The Super Bowl captures the attention of the culture, but every day of our life is being reviewed by the Official in Heaven, who never misses a moment. Life’s scoreboard will tell the tale; the stats will disappear, but the plays/days that mattered will never be forgotten.

From the Head Coach, to his 12 leaders-in-training: “Truly I tell you, at the renewal of all things, when the Son of Man sits on his glorious throne, you who have followed me will also sit on twelve thrones, judging the twelve tribes of Israel. And everyone who has left houses or brothers or sisters or father or mother or wife or children or fields for my sake will receive a hundred times as much and will inherit eternal life. But many who are first will be last, and many who are last will be first.” (Matthew 19:28-30)

Each of those twelve men had a moment when their options were before them, and they made a judgment call. Would they stay on their prior course – living already-full lives that had no surplus of time and energy – or would they make the decision to align with the man and movement that claimed historic significance and eternal potential?
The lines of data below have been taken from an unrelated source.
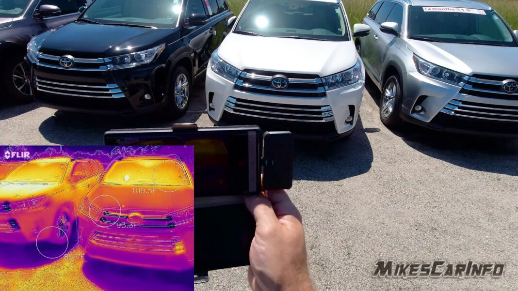 Од видеото може да се види дека автомобилот Toyota Highlander со црна боја има температура од 70,5 степени Целзиусови, додека белиот 45 што претставува разлика од цели 25,5 степени Целзиусови.
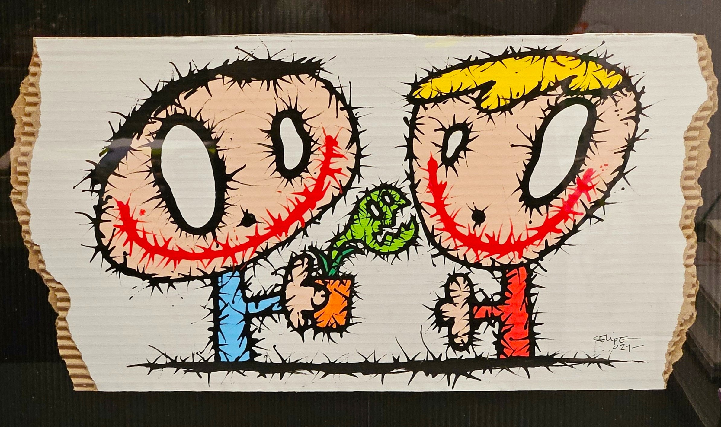 Known as Fragile Freaks, Célipe Perroloco is a multidisciplinary artist who transforms materials like cardboard, paper, canvas, and ink into creations full of strength and expressiveness.
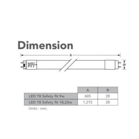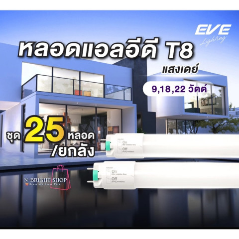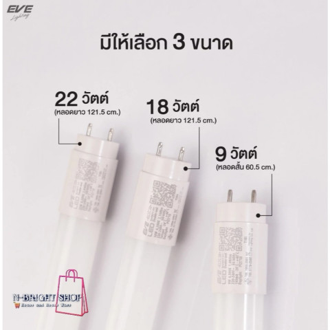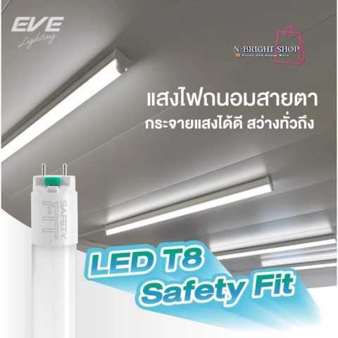 EVE ของแท้ ยกลัง 25 หลอด | หลอด LED T8 รุ่น Safety Fit (Double-End) แสงขาว Daylight 6500K ราคา 3,087.50 บาท
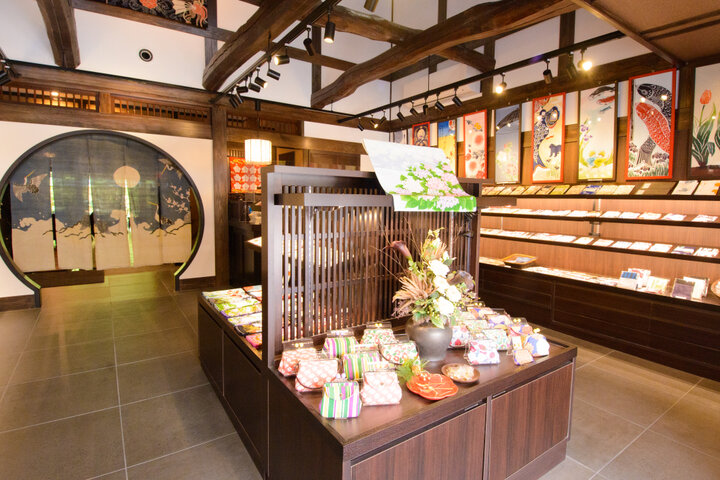 2020年に建て直し、和を基調に、ヨーロッパ調の家具を取り入れた大正ロマン風の内装にリニューアルされた店内。和洋さまざまな柄の手ぬぐいが華やかに展示されています。
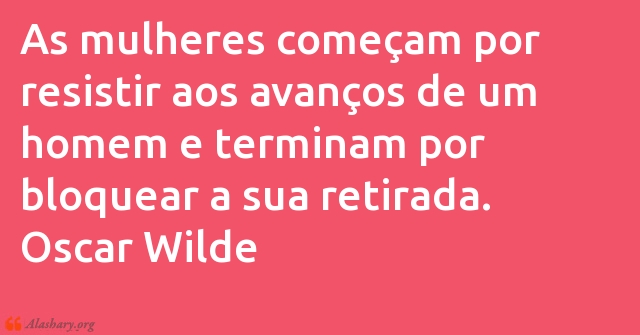 As mulheres começam por resistir aos avanços de um homem e terminam por bloquear a sua retirada. Oscar Wilde
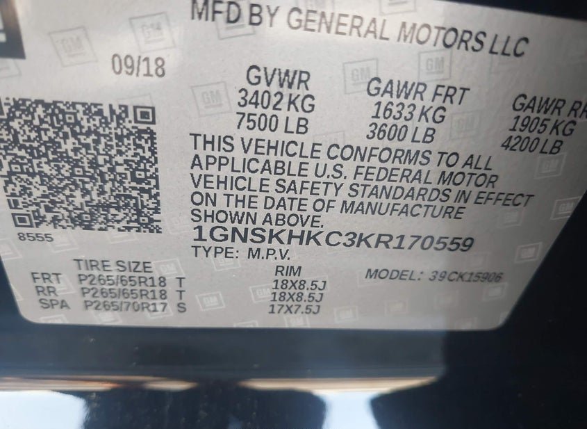 - VIN: 1GNSKHKC3KR170559
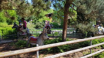 Eselreitbahn has bobbing donkeys running along an electrified rail.
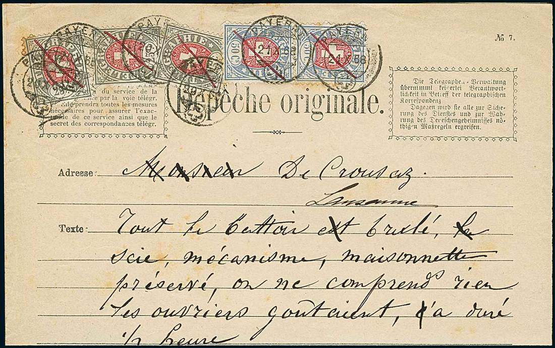 Telegrams, Telegraph & Telephone Stamps - The Professor Shaul Ladany Collection, Part IISwitzerlandTelegraph Stamps1868-74, 25c. grey and carmine and 50c. blue and carmine, three and two examples respectively, all cancelled by pen stroke and tied to complete folded telegram form to Lausanne by "Payerne 20 X 68" c.d.s. Some minor toned perforations. A very scarce and early usage. SBK 1, 2. Photo
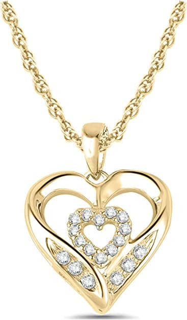 - 10K YELLOW GOLD WITH 1/10ct DIAMONDS AND 18” ROPE CHAIN: Pendant features a 10k yellow gold heart encasing a diamond heart and accented with round white diamonds (1/10 ct) on 18" 10k yellow gold rope chain with spring ring closure
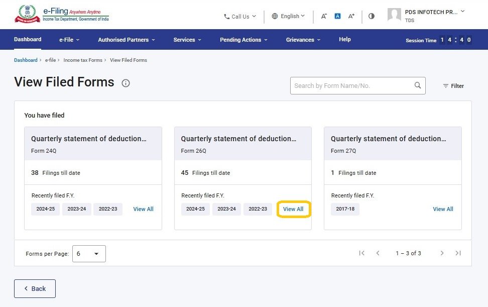 All the filings done till date, will get displayed. The required data can be selected. Click on ‘View All’.
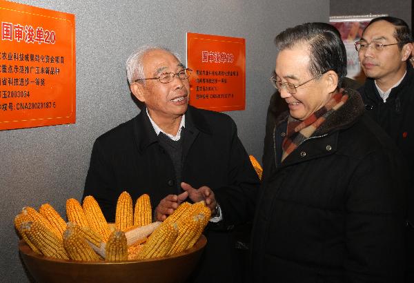 Chinese Premier Wen Jiabao (2nd R) listens as agricultural expert Cheng Xiangwen introduces a new species of corn at an agricultural research institute in Hebi City of central China's Henan Province, Jan. 22, 2011. Wen Jiabao wrapped up an inspection tour of the drought-hit Henan Province from Friday to Saturday, urging more efforts by local governments to ensure agricultural production threatened by the prolonged drought in many of China's grain producing areas. (Xinhua/Yao Dawei)
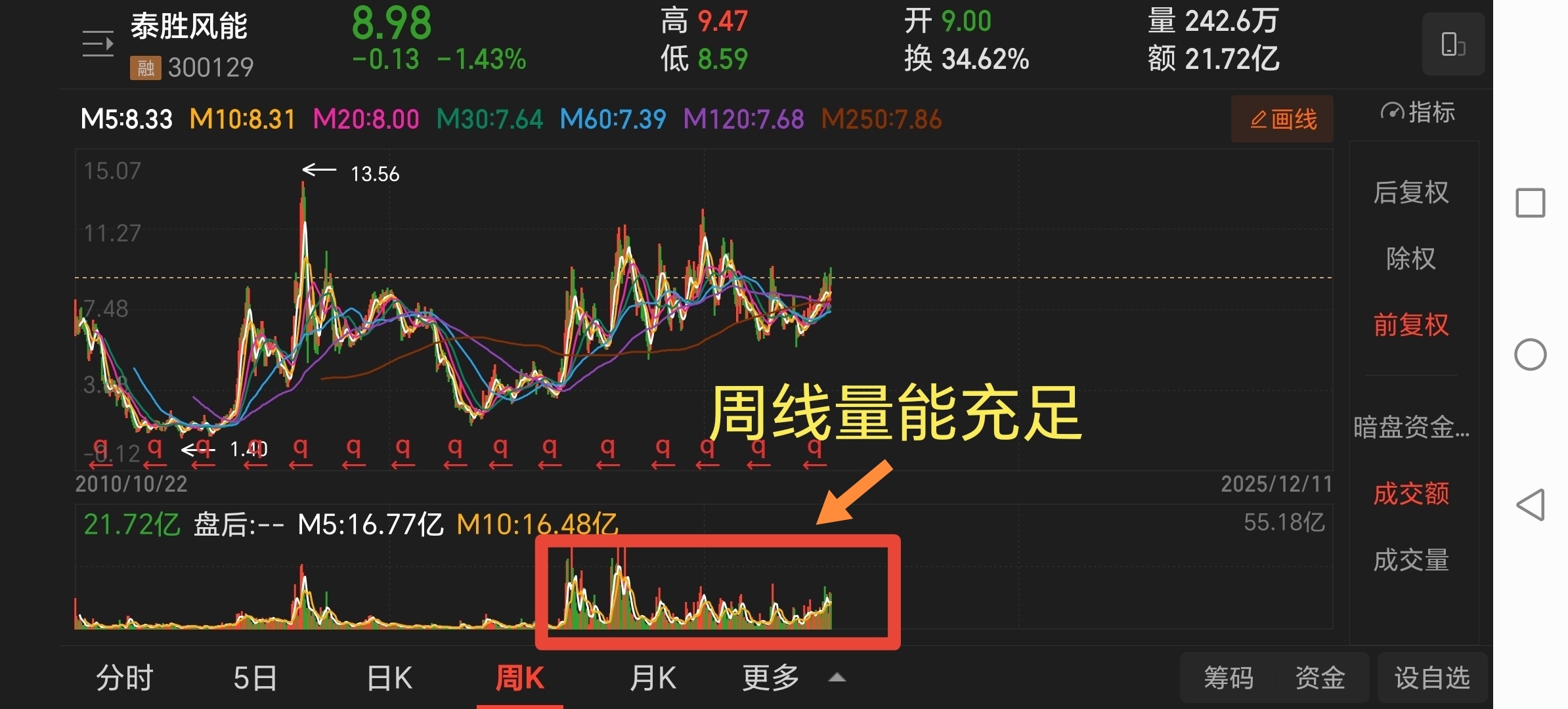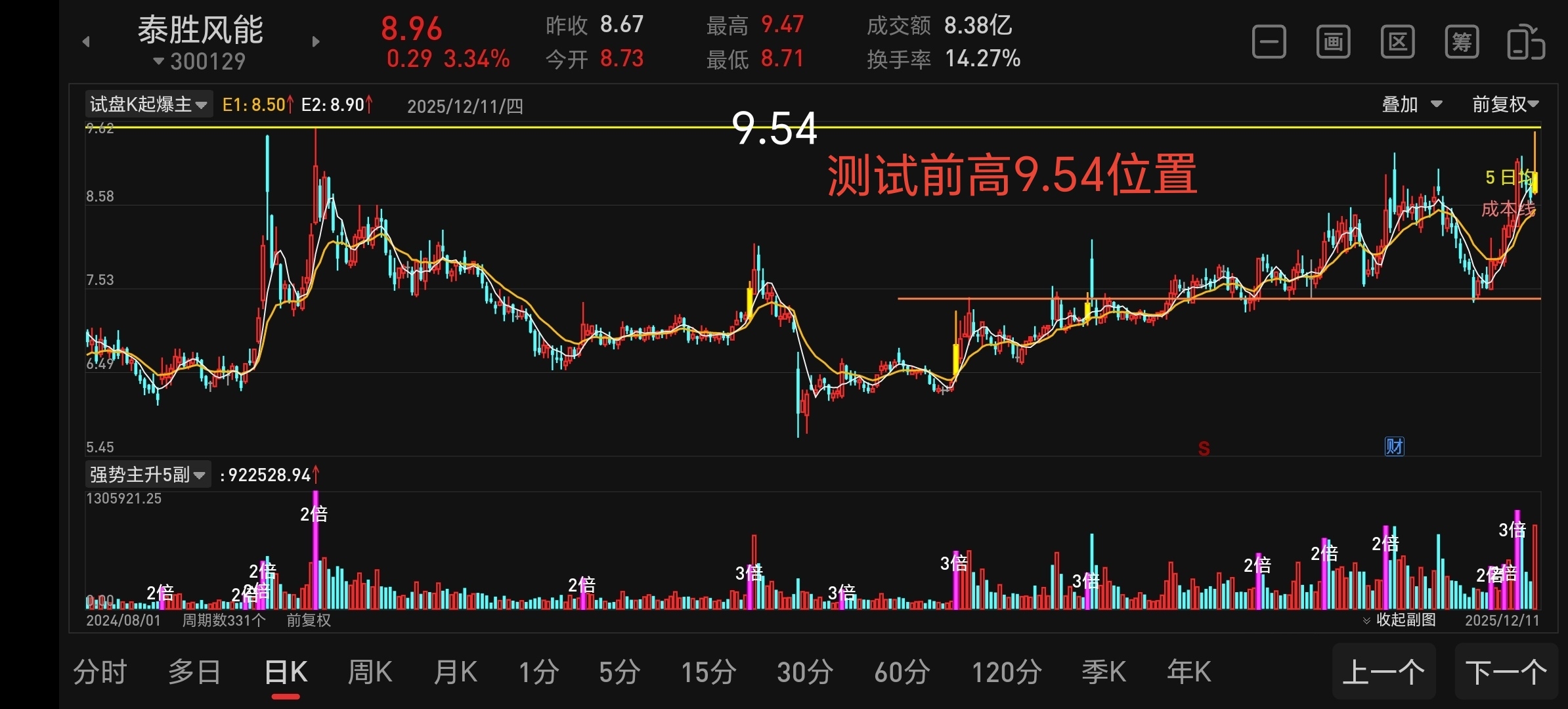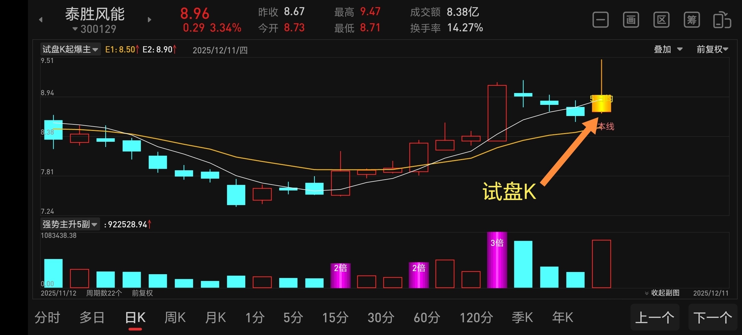 今天泰胜出现了试盘k,主力测试左侧前高9.54,唯一不足就是量小了点,高度差了点
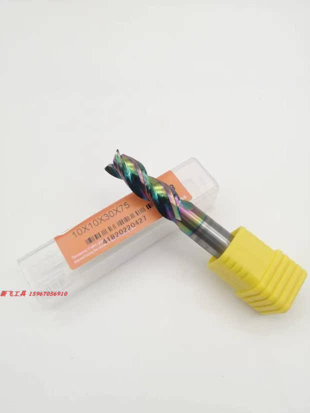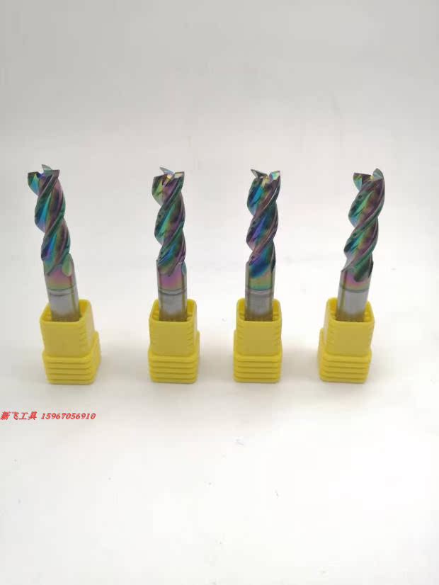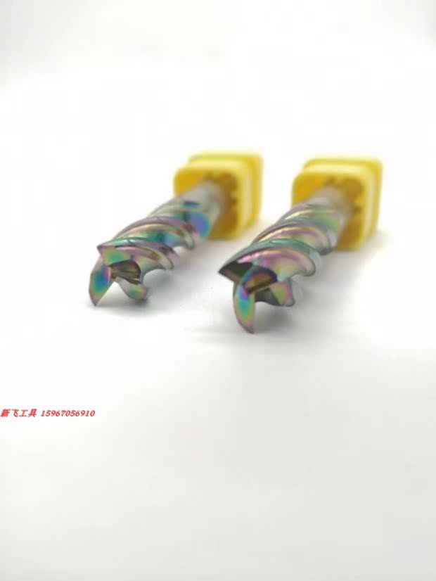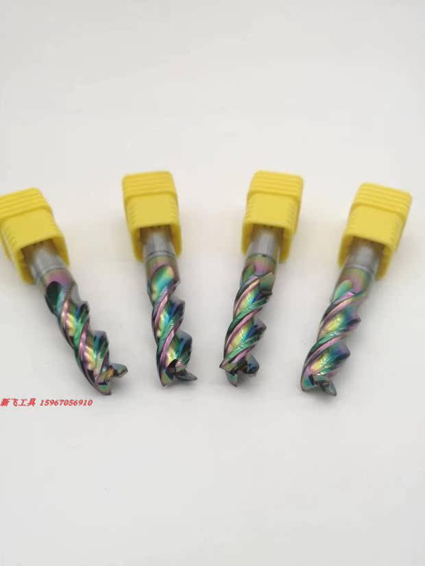 Imported high-efficiency aluminum milling cutter U-groove fast-feed high-gloss alloy DLC colorful coated tungsten steel 3-blade lengthened blade
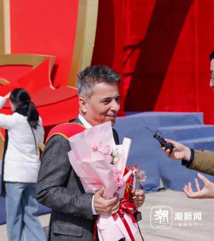 20年来一直开展浙江义乌的涉外纠纷调解工作,被称为“国际老娘舅”的伊朗籍商人哈米今天也收到了鲜花,他说爱心无国界,希望能为社会多做贡献。

Here’s the principle: in life, the great breakthroughs always come at a valuable price. Both-and is our preference; either-or is the inescapable reality. You can play for the stats… or you can go for the win and be valuable in God’s Kingdom. The choice to favor individual records over team victory will get some ribbons… but it’s a decision that can prove costly. Many who are first will be last, and many who are last will be first…

Your life – today, and every day – is valuable and will be played with the clock running. Most plays will be forgettable; a few will matter. The ones that matter will either matter here, now… or later, there.

You’ll make that valuable choice…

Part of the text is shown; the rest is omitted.